つまり、相続税法13条1項の「その者の負担に属する金額」が、この内部負担割合によるということになります。
なお、引用いただいたURLの最高裁判決平成21年3月24日は、1人に対して全財産を相続させるという遺言がなされた事案であり、その1人の相続分を100%とするという「相続分の指定」がなされたということが前提となっていると考えられています。ご質問のケースとは異なっていますので、このまま当てはめることはできません。
そもそも、債務は遺言の対象ではないという考え方があり、特定の債務を特定の人に相続させるということだけを遺言で定めるということは、相続人間の問題でもできないという考え方もあります。現状では、特定の債務を誰かに帰属させる場合には、あくまで財産の相続に付随する形で債務も負担させることができるという限度で有効と考えておくことがベターかと思われます。
2 (パターン1・質問1-2)について
(1)ご質問および回答の結論
>パターン1
>遺言書に債務の記載がある場合の取扱いはどのように考えるのでしょうか。
>仮に遺言書でAの債務については長男が承継すると記載があってBの借入金について
>記載がない遺言書であれば下記質問2の状態になった場合の考え方と申告書の記載をどのようにしたらよいのでしょうか。

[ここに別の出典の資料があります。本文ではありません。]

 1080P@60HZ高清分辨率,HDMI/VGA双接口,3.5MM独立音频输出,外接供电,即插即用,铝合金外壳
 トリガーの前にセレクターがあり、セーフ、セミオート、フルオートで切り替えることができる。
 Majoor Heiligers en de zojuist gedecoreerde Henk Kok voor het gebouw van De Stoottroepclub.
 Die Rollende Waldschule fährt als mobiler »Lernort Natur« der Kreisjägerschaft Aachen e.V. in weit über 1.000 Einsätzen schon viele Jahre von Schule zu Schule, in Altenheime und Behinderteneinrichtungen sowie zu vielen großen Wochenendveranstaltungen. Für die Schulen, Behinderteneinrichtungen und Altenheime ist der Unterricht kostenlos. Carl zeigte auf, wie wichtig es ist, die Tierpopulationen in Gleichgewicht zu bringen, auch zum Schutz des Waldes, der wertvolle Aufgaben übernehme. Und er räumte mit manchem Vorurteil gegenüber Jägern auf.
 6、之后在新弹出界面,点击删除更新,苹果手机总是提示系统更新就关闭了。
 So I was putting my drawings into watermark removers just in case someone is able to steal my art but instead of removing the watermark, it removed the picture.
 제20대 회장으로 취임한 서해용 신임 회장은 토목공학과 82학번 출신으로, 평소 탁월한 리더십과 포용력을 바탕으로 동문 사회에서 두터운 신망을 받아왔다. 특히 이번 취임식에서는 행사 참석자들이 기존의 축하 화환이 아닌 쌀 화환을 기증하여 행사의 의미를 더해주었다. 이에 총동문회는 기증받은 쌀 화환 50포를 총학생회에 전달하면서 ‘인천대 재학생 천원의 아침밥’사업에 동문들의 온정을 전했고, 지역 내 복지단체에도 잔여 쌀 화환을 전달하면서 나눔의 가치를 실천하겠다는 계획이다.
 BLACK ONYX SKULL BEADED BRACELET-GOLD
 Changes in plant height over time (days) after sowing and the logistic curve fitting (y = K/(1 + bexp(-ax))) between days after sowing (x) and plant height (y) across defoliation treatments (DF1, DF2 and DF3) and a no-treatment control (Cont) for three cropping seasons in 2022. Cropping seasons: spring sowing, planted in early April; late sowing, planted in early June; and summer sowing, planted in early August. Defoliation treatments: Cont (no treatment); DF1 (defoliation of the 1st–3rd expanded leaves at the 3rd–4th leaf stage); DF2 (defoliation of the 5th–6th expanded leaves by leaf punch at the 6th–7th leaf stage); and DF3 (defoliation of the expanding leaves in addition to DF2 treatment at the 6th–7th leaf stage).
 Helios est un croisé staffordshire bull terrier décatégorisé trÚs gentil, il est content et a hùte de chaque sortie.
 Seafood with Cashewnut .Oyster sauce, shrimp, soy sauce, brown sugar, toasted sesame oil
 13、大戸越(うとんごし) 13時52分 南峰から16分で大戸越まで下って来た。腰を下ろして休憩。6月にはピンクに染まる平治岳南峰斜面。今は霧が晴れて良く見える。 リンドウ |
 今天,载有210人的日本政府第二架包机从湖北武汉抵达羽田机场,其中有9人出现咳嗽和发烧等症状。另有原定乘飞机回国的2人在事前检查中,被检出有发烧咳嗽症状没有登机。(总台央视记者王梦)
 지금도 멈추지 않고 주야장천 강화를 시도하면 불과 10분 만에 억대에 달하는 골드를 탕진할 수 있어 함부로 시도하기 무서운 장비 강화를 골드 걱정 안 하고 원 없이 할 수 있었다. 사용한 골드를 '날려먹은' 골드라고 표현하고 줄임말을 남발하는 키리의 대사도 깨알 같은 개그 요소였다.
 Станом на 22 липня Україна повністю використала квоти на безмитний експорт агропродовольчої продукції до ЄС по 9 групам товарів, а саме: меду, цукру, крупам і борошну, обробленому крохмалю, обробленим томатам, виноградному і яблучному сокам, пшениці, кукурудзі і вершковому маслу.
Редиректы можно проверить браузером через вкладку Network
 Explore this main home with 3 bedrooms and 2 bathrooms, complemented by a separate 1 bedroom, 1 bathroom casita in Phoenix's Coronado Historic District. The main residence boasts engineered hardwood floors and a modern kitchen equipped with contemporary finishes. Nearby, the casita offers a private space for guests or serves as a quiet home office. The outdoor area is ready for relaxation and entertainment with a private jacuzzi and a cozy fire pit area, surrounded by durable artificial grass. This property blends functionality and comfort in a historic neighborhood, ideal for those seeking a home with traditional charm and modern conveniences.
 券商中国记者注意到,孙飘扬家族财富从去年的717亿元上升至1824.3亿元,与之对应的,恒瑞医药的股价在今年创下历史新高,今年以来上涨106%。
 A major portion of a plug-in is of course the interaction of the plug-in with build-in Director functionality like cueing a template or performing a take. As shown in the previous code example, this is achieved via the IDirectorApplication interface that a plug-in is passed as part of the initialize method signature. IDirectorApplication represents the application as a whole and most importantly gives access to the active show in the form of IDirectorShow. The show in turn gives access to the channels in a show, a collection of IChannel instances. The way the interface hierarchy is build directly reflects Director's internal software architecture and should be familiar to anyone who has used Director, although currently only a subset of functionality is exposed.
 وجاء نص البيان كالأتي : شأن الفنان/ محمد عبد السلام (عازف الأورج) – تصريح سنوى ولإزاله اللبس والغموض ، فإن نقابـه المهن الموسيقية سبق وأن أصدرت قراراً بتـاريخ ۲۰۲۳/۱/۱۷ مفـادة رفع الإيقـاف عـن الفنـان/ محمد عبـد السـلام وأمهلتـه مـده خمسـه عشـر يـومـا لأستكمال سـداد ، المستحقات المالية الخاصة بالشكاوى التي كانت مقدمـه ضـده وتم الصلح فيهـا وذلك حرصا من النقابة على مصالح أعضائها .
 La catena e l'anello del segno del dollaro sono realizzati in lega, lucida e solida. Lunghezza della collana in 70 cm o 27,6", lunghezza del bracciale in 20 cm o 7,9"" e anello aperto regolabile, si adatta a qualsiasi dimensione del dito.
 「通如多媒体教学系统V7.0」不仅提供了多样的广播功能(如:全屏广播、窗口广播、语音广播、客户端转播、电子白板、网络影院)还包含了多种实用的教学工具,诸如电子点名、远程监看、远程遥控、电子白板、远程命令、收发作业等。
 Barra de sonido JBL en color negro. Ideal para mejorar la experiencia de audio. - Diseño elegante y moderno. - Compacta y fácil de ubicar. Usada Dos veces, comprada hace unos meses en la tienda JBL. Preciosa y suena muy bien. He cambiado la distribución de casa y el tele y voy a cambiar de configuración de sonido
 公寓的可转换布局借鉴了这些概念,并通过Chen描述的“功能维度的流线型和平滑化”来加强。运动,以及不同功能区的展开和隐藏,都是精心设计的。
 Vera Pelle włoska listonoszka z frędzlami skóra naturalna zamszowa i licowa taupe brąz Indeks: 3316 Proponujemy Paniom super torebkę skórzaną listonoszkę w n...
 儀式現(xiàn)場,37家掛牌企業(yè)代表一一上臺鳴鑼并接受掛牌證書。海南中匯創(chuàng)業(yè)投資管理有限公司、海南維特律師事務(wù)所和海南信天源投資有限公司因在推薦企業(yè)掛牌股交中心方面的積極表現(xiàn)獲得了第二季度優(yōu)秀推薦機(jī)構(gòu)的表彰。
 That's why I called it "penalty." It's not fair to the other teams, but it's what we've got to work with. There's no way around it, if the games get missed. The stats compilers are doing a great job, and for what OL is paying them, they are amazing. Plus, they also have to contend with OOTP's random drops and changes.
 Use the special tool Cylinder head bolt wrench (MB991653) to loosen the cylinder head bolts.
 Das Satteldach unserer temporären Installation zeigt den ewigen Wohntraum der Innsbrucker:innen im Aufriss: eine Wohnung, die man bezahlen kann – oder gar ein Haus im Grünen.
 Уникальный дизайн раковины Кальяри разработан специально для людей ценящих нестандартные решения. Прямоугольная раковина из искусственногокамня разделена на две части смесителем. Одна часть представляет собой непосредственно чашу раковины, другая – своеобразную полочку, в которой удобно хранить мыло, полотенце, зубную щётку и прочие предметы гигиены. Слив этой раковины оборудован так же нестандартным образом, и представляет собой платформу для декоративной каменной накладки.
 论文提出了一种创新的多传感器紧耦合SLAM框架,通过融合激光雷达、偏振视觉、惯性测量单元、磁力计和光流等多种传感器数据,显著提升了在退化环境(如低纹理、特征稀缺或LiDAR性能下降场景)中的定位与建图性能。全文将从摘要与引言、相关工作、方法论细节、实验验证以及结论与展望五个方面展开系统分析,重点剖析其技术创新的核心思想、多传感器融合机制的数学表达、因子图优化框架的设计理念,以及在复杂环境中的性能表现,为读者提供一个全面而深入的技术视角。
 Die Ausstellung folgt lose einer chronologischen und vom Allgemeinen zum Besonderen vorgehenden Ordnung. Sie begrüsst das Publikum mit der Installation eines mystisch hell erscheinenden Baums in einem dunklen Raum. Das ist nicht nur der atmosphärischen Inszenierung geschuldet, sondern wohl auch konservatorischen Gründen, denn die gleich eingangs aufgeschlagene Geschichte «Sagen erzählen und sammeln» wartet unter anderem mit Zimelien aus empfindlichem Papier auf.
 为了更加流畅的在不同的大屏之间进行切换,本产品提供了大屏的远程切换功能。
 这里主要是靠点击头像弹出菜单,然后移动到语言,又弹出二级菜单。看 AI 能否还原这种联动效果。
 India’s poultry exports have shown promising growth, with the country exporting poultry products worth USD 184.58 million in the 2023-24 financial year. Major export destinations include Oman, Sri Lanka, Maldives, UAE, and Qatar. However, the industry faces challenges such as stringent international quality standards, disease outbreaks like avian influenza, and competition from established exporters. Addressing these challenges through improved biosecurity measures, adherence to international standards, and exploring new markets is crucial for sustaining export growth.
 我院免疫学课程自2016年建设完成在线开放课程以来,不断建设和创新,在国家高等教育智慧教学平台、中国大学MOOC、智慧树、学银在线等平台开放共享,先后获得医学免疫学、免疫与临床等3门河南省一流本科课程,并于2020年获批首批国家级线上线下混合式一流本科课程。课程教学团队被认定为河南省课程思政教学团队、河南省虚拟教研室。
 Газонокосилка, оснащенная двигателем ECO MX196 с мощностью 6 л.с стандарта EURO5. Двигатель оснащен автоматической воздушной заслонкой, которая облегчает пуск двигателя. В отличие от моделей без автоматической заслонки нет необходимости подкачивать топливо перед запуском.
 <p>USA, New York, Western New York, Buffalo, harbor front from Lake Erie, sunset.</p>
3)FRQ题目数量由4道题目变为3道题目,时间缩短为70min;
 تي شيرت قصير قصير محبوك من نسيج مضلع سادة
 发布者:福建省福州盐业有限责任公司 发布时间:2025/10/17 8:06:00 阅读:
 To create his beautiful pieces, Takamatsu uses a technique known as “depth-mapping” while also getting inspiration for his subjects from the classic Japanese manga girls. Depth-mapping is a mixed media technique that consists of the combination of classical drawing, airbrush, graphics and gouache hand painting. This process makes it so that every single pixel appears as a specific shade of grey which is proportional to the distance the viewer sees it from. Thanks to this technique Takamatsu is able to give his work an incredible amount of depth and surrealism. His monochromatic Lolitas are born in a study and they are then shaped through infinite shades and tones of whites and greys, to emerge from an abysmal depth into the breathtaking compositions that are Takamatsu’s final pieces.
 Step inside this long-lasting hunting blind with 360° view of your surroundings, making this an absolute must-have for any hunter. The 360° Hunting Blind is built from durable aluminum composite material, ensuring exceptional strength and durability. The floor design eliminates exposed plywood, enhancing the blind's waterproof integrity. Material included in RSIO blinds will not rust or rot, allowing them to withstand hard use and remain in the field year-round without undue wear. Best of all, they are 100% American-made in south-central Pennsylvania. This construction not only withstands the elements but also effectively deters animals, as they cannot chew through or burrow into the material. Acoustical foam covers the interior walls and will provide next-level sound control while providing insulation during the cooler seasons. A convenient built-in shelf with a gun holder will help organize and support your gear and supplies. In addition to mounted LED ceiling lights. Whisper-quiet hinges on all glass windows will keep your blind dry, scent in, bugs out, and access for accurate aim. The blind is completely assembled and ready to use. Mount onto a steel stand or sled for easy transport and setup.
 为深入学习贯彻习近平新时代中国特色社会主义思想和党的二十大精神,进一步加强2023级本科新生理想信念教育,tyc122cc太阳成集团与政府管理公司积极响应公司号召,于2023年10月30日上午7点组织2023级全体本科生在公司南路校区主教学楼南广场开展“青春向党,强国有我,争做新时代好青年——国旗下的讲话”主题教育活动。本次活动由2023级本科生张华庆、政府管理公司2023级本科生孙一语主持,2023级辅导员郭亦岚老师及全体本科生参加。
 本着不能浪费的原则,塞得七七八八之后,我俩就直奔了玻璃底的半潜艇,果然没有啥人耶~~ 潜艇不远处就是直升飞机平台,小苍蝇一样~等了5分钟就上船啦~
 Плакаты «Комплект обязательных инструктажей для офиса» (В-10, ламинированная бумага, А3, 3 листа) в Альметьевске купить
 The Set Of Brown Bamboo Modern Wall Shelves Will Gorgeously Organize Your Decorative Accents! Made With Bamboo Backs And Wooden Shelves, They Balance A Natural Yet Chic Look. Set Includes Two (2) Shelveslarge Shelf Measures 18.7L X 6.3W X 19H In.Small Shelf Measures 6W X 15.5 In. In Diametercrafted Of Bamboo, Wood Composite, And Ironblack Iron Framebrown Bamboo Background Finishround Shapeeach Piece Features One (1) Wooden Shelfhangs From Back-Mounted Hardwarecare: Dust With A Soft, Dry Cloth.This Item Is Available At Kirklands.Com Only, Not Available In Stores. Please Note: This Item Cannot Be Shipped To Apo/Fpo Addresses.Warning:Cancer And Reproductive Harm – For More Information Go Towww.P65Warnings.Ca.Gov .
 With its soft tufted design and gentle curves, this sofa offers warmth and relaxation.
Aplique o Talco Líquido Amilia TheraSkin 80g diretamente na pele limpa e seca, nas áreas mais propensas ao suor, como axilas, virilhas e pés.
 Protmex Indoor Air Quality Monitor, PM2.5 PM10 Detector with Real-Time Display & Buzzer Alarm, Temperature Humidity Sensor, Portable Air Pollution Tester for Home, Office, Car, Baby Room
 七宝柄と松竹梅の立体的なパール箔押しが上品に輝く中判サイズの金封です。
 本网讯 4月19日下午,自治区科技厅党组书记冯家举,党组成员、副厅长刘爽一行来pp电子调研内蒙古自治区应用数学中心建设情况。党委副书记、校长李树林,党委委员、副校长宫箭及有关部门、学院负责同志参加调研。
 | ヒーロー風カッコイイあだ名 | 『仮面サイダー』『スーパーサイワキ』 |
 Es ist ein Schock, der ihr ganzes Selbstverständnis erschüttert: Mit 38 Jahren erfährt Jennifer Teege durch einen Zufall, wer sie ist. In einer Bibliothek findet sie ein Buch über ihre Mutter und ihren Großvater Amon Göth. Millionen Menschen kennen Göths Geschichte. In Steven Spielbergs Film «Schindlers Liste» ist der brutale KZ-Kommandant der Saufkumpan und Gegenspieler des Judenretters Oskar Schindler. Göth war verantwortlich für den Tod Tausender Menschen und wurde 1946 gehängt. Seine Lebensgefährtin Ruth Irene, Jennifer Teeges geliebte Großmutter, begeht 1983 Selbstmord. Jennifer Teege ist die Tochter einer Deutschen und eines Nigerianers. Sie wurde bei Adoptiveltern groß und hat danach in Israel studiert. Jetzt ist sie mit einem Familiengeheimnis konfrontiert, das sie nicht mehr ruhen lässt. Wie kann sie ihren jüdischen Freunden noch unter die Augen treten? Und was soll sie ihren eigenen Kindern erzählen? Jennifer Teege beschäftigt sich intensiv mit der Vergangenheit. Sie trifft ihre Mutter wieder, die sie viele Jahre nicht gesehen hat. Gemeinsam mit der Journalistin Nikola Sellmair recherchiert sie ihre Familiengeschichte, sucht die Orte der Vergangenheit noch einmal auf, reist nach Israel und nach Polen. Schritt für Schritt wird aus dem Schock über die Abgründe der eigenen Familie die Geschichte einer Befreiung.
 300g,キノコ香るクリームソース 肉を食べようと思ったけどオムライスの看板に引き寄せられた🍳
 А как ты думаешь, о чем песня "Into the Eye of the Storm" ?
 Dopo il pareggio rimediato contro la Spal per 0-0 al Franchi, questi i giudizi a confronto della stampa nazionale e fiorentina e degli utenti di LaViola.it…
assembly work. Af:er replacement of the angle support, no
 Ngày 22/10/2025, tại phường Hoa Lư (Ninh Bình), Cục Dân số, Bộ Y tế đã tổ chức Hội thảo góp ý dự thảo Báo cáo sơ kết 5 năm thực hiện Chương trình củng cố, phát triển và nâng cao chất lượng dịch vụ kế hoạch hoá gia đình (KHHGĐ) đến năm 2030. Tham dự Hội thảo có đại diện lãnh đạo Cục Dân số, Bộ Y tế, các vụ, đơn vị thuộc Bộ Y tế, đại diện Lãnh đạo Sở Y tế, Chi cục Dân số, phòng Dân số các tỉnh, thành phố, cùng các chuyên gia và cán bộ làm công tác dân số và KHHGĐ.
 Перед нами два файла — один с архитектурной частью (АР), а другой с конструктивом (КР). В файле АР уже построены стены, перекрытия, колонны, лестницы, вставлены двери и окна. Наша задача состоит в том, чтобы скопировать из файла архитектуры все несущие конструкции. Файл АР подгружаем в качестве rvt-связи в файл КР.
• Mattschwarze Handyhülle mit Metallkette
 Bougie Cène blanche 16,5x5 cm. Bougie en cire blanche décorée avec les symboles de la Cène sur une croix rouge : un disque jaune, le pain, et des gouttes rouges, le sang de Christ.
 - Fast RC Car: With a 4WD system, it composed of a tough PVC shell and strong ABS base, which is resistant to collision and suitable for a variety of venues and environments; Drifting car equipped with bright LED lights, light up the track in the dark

>A借入金は長男負担で、記載のないB借入金は法定相続分で債務控除するものので
>しょうか。
① 遺産分割協議等で、Aアパートは長男、Bアパートは次男として債務もそれぞれひもつき
に承継することに合意できた場合
Aアパートの借入金は長男、Bアパートの借入金は次男として、債務控除をすることができます。
② 遺産分割協議等がまとまらなかった場合
A借入金は長男負担で、B借入金は法定相続分で債務控除することになると考えられます。
(2)回答の理由
ア 上記①について
遺言がなされていたとしても、相続人全員が合意をすれば、遺言と異なる内容の遺産分割協議をすることも可能とされています。
本来、債務は相続財産に含まれず、遺産分割の対象にはなりません。もっとも、相続財産をどのように分けるかと、相続債務をどのようにわけるかは、
密接に関連しているため、実務上、遺産分割協議の中で、相続債務の分け方も決めてしまうこともあります。
その場合、債務の相続人内部の負担割合としては、遺産分割協議で決めたものになります。
遺産分割協議で、Aアパート分の借入金は長男、Bアパート分の借入金は次男が負担するということで決めたとすれば、相続人内部の間では、このように債務を負担するということが確定します。
ですので、遺産分割協議で、Aアパートは長男、Bアパートは次男として債務もそれぞれひもつきに承継することに合意した場合には、そのとおりに、債務控除をすることになると考えられます。
イ 上記②について
上記のとおり、Aアパートの土地と建物について長男が相続し、その負担として、Aアパートに関する借入債務も長男が相続するという遺言は、実務上、有効と考えられています。
ですので、A債務については、長男の負担部分として債務控除することになると考えられます。
一方、B債務については、遺言では定められていないため、原則通り法定相続分の割合に応じて、相続人に帰属するということになります。ですので、法定相続分の割合に応じて、債務控除をすることになると考えられます。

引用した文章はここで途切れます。